WHAT YOU ARE ASKED TO DO:
Each line from the one bearing "Domain structure of" through the last line of the entries below should be returned exactly, with pictures left out.

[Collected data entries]
*** Block opens ***

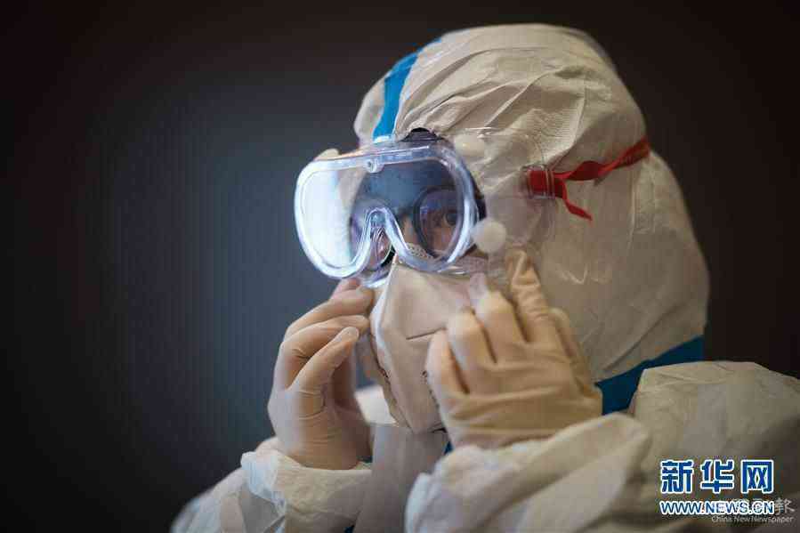 海軍軍醫(yī)大學(xué)醫(yī)療隊員在穿戴防護服(1月27日攝)。 新華社記者 肖藝九 攝
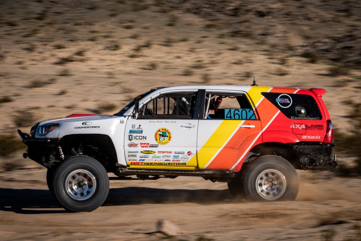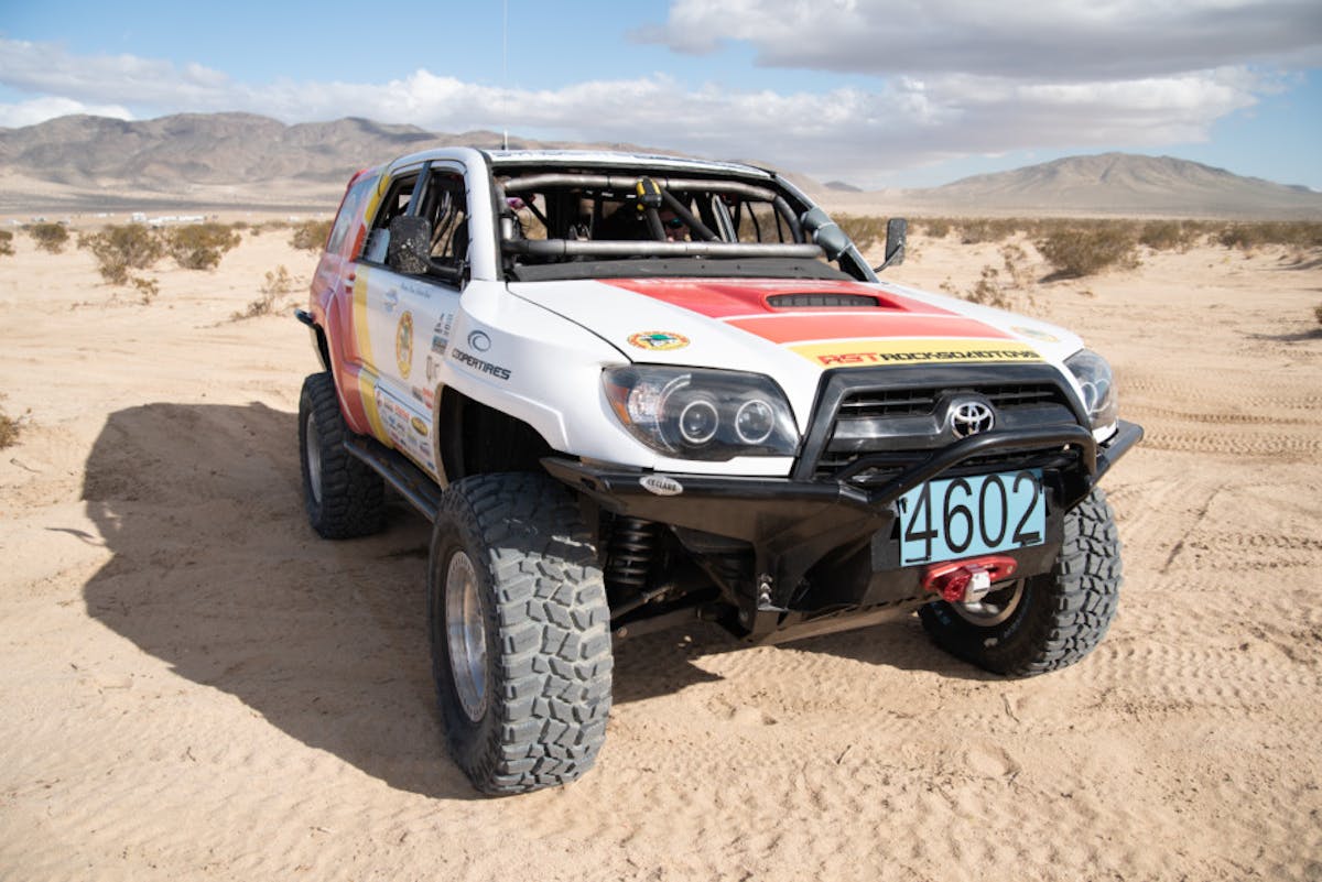 This vehicle caught my eye via Instagram before KOH Week had even started. Sporting graphics that brought me back to the days of “Ironman” Ivan Stewart ripping down the Baja Peninsula, checking out this 4Runner was high on my list. This was not the only Toyota on the lakebed that was sporting the familiar white, orange and yellow motif, but it was the only one that was racing that week.
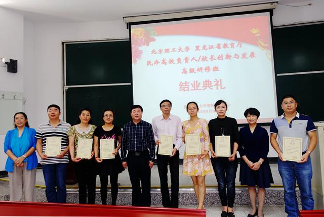 2015年9月18日上午,由beat365中文官方网站与黑龙江省教育厅联合主办、beat365中文官方网站教师发展中心承办的黑龙江省民办高校负责人/校长创新与发展高级研修班结业典礼在beat365中文官方网站中心教学楼407教室举行。黑龙江省教育厅政策法规处处长李智育,beat365中文官方网站人事处处长韩宝玲,beat365中文官方网站教育研究院书记庞海芍参加了结业典礼。研修班全体学员参加了结业典礼。
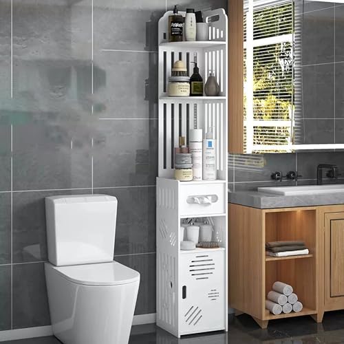 UUE Bathroom Cabinet, Tall Cabinet, Freestanding Bathroom Cabinet, Side Cabinet with Drawers, Open Compartments, Hidden Bin for Bathroom, Living Room, Dining Room, Kitchen, White, 20 x 19.5 x 120 cm
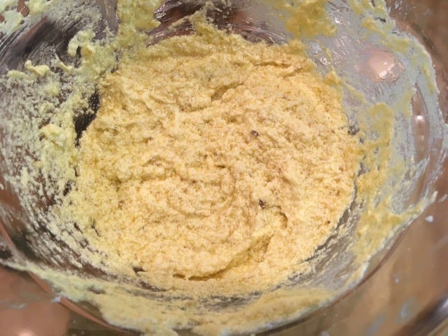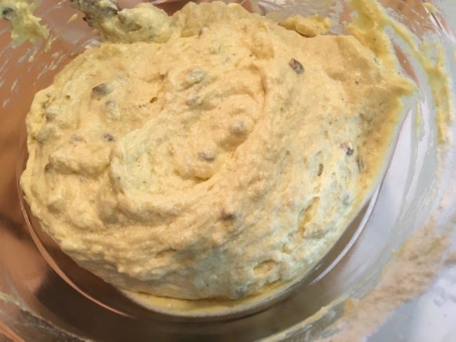 Oops! What happened. After beating in the banana the batter has a curdled look. But don't worry, all will be well later.
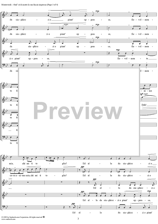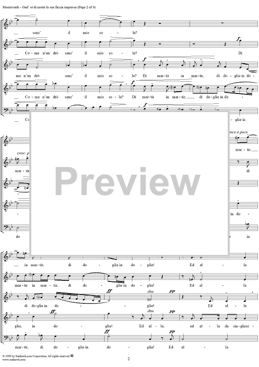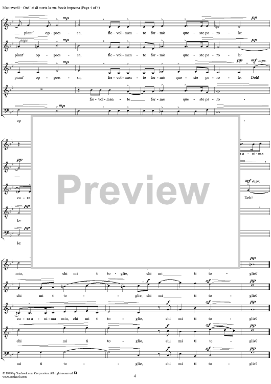 Digital Sheet Music for Ond'ei di morte la sua faccia impressa - Part 2 of "Rimanti in pace" from "Madrigali à 5 voci" Book 3 (1592) - SV74 by Claudio Monteverdi scored for Four-part Mixed Chorus; id:253124
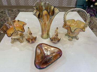 Dekorativ şüşə dəst - 5 ədəd şüşə məmulatı: 3 ədəd vaz və 2 ədəd səbət formalı şüşə qab - Rəng: qızılı-çəhrayı/kehrəba tonlarında iridessent (parıltılı) keçidli rənglənmə - Dizayn: dalğalı, büzməl...
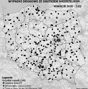 POLICYJNA MAPA WYPADKÓW DROGOWYCH ZE SKUTKIEM ŚMIERTELNYM - WAKACJE 2020
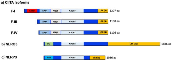 Domain structure of nucleotide-binding and leucine-rich-repeat (NLR) proteins CIITA (a), NLRC5 (b) and NLRP3 (c). Abbreviations: AAD, acidic activation domain; CARD, caspase activation and recruitment domain; DD, death domain; F-I, F-III, F-IV, isoforms-I, -III and -IV; LRR, leucine-rich repeats; NACHT, NAIP, CIITA, HET-E, TP1 domain; P/S/T, proline-serine-threonine rich domain; PYD, pyrin domain.
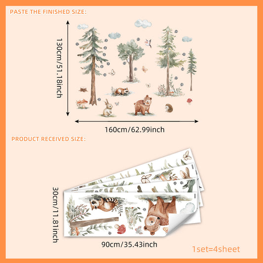 Adesivi Murali Bosco con Animali – Alberi, Orsetto, Coniglio e Farfalle – Decorazioni Cameretta Bambini

*** Block closes ***

TASK OUTPUT:
 Domain structure of nucleotide-binding and leucine-rich-repeat (NLR) proteins CIITA (a), NLRC5 (b) and NLRP3 (c). Abbreviations: AAD, acidic activation domain; CARD, caspase activation and recruitment domain; DD, death domain; F-I, F-III, F-IV, isoforms-I, -III and -IV; LRR, leucine-rich repeats; NACHT, NAIP, CIITA, HET-E, TP1 domain; P/S/T, proline-serine-threonine rich domain; PYD, pyrin domain.
 Adesivi Murali Bosco con Animali – Alberi, Orsetto, Coniglio e Farfalle – Decorazioni Cameretta Bambini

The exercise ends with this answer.